Of course, they all have their fingers crossed. There is nothing new, says the Preacher, under the sun.
Cloud resources are NOT as mobile as guys like this think. Most companies depend on MPLS or dark fiber connections into the data center of their choice to guarantee quality of service. As a result, it can take months or more to be able to reroute traffic efficiently to a secondary party.
Computing resources are far too easy to simply build for yourself as well. Call a company like Cisco or HP (or if you're really really desperate, DELL) and ask for a data center in a box and they can ship it. If prices fluctuate too heavily because of market trading, customers will just go back to building their own data centers which will be extremely harmful for the planet.
Also, computing resources drop in value almost daily. How would the handle this? There's not a single system that makes any sense for this type of trading. Each time Intel or AMD release a new CPU, the value of CPU cycles drops because cheaper hardware can process more information. RAM drops fast as well.
Yep... this is pretty amazingly stupid. I should build my data center out in preparation of the fallout. I could probably make a fortune by just picking up customers who want predictable service and prices.
I don't think you've understood how trading futures work (CME doesn't trade equities, only options and futures - the article title doesn't make that clear). Futures are all about predictable service and price. Futures only requires 2 things:
1. A provider willing to guarantee that for a particular period of time in the future he will provide a specific service for a specific sum of money
2. A consumer willing to take that service at that cost
Everything else that happens in the middle is fluff.
If I was running a cloud service, and was able to sell a contract for £10 to provide a service to whoever held that contract from 1st Jan 2015-1st Jan 2016 at a price of £5/month then assuming I'm reasonably confident that I can indeed provide that service for that price and still make a profit it's guaranteed income in the future for me (plus gets me a bit of cash in the drawer right now).
If I'm a commodity broker who sees that the cloud provider is selling a contract at that price, and believes that the going market rate for that service during 2015 will be, let's say, £10/month then I'd happily buy it, because just before 2015 I sell the contract for £50 to someone who *actually* wants the service (i.e. is in the right location or whatever), at a profit to me (£40) and an overall saving for them (£110 instead of £120).
To address your points:
1. At the point that an individual actually wants to make use of that service they will buy that either from a broker with the right contract for the contracts value (unless they had the forethought to purchase such a contract early on) or from the cloud provider themselves for the market rate; the overall prices will be comparable, the only thing that changes is who makes the profit.
2. The contract value is somewhat divorced from the actual service cost. Wheat futures are traded well in advance of farmers growing and the price of the actual item varies wildly depending on the weather, etc., etc. - but the contract is to buy at a set price no matter what, so the value of that contract will increase/decrease over time as conditions change (i.e. my contract that I bought for £5 for a tonne of wheat at £5 when the real cost of the wheat is closer to £50 can be sold on for anything up to £45).

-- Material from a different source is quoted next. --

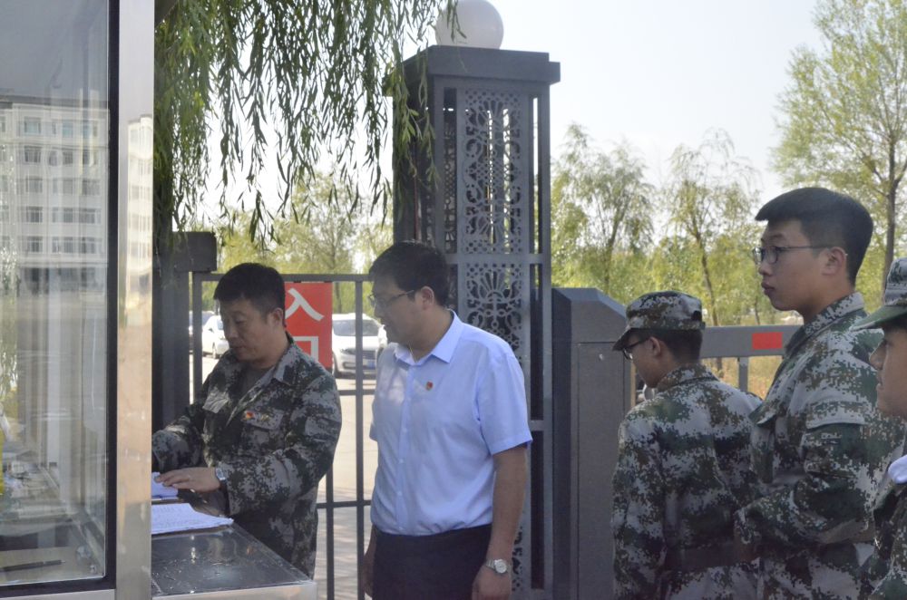 陳書(shū)記一行首先來(lái)到學(xué)校門(mén)口,在學(xué)生值勤門(mén)崗、學(xué)院大門(mén)門(mén)衛(wèi)兩個(gè)點(diǎn),陳書(shū)記分別同值勤學(xué)生、門(mén)衛(wèi)安保人員進(jìn)行親切交談、詳細(xì)了解工作情況,詢(xún)問(wèn)應(yīng)急處理機(jī)制,查看應(yīng)急防暴裝備,最后對(duì)節(jié)日前夕還堅(jiān)守在崗位的執(zhí)勤人員致以節(jié)日的問(wèn)候。在學(xué)院食堂,陳書(shū)記一行查看食材、樣品、后廚衛(wèi)生等情況。陳書(shū)記強(qiáng)調(diào),“要保障食材新鮮、安全,要讓師生們吃到健康、有營(yíng)養(yǎng)的食物?!弊詈髞?lái)到學(xué)院八一樓,陳書(shū)記依次走訪(fǎng)慰問(wèn)了就業(yè)處、招生處、后勤處、安保處、學(xué)生工作處、財(cái)務(wù)部、教務(wù)處等處室,每到一個(gè)部門(mén),陳書(shū)記和每一名環(huán)節(jié)干部、基層干事進(jìn)行充分的交流,答疑解惑,鼓勁加油,道一句辛苦,說(shuō)一句節(jié)日快樂(lè),感謝堅(jiān)守者的辛勤付出。

3. Please do build a data center. Would you consider accepting some money now to sell a contract of service at a set price that you won't need to deliver on until you have built it, thereby allowing you to build it? If so, you've just traded your first cloud derivative on CME. :o)
PS. I'm not 100% convinced it will work just because a pig is a pig - you don't have lots of choices, how many legs it'll have, how many ribs, etc. Cloud contracts can be very variable. If there's a market for such futures contracts then maybe it'll bring providers into conformity, but that in itself is unhelpful to those people who want to tailor their cloud solution for their specific requirements - like buying an off the shelf web hosting package with a lot of crap you don't want just because you wanted ssh access.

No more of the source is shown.